Pages use `salience_default` (typically 1.0) and rely purely on access patterns and age decay. Highly-accessed content survives longer; neglected content expires automatically.

### How quickly does `NotHelpful` feedback erase a page?

It depends on current salience and other parameters. Each `NotHelpful` reduces salience by `SALIENCE_STEP` (0.25). At default settings, two consecutive negative ratings drop salience from 1.0 to 0.5, halving the time term's contribution and likely pushing the page below `cold_threshold` within the next sweep cycle.

### Why don't `Stale` and `Wrong` delete immediately?

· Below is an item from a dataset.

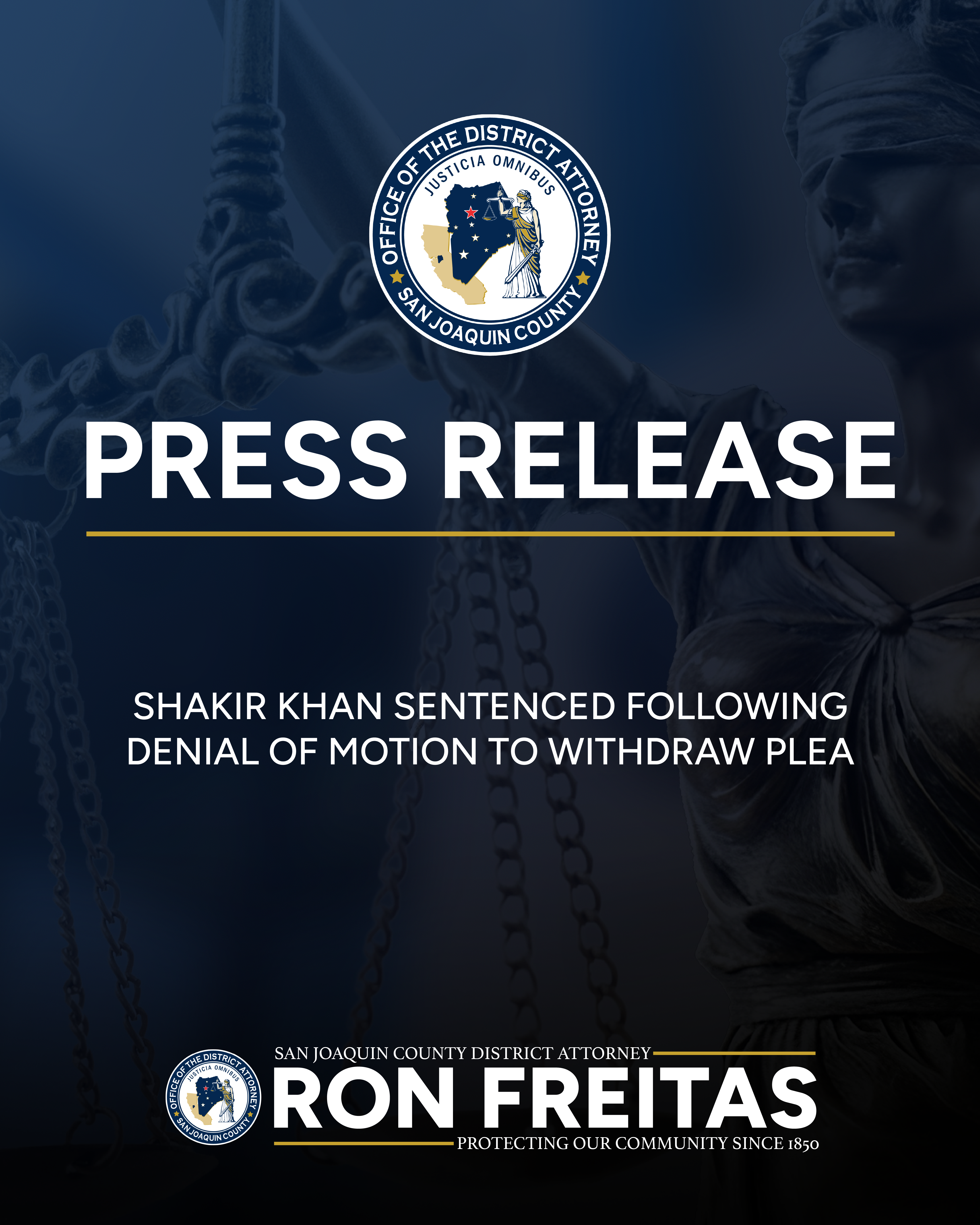 On March 2, 2026, the Honorable Judge Mallett sentenced Shakir Khan, who pled no contest to criminal counts that include election fraud and money laundering, underscoring the San Joaquin County District Attorney’s firm commitment to safeguarding election integrity and holding accountable those who attempt to undermine our democratic process.

The design preserves auditability. These signals reset salience and flag pages in `memory_lint`, allowing operators to review what the system considered worth forgetting. Permanent deletion only occurs after `hard_delete_after_days` of tombstone status.

### Can I disable decay entirely?

Not directly. You could set `lambda = 0.0`, `mu = 0.0`, and `cold_threshold = -inf`, but this is not the intended use case. The model assumes bounded memory requires bounded retention; feedback exists precisely to let operators influence what stays relevant.